Dizia o grande Emanuel Lasker, campeão mundial de xadrez do início do século, que esse jogo não comporta a mentira. Um lance mentiroso vai se refletir alguns lances à frente, desmontando a estratégia proposta. O mesmo ocorre com a economia.
Desde fins do ano passado, a coluna e outros analistas não ideologizados apontavam os problemas centrais a serem resolvidos, antes de se iniciar um plano de estabilização.
Confira-se cada lance falso e seu desdobramento:
Bancos Estaduais: desde a gestão Marcílio Marques Moreira, passando por Krause e Haddad, sucessivas equipes econômicas vinham tratando do enquadramento dos bancos estaduais. Sabia-se que, sem os ganhos inflacionários, eles iriam se constituir em ameaça a qualquer plano de estabilização.
Interrompeu-se o processo na gestão FHC, porque seus assessores acreditam que o mundo se resume a meros movimentos de taxas e câmbio, mas principalmente para não atrapalhar as futuras alianças políticas do candidato. Dois lances depois, a mentira aparece.
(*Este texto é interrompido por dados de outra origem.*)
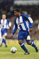 Romero conduce la pelota en un lance de la final de la Copa del Rey de 2002, disputada entre el Real Madrid y el Deportivo en el estadio Santiago Bernabéu el 6 de marzo de 2002. El Dépor se impuso por 1-2 al equipo blanco, que celebraba ese día los cien años de su fundación.

Contrato Coletivo: desde o início de 93, alertava-se para a necessidade de acelerar a implantação do contrato coletivo, para desarmar a bomba da indexação. Questionado sobre a questão, FHC esquivava-se com seu estilo habitual: ``Isto não é problema meu, mas do Barelli", como se não fosse elemento importante de um plano de estabilização. Dois lances depois, a mentira aparece.
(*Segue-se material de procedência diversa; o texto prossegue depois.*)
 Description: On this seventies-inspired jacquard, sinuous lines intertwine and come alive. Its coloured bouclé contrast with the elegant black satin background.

Câmara Setorial: sabia-se, desde sempre, que um plano de estabilização deveria vir acompanhado de uma estratégia política e econômica visando estimular os agentes econômicos a aumentarem a oferta e os investimentos, de maneira a criar fôlego e ânimo para consolidar a estabilização. As Câmaras Setoriais eram o fórum adequado para se fazer esse trabalho político. Quando as Câmaras foram desativadas, FHC não quis entrar em dividida: ``Isto é problema do Ministério da Indústria e do Comércio." Dois lances depois, a mentira aparece.
Agora, apreciando o panorama da Rússia, o velho e bom FHC reitera seu estilo: sem pressa de voltar e encetar o programa de reformas porque a estabilização é um processo lento, cuja responsabilidade deve ser de todos. Acha que a opinião pública vai engolir.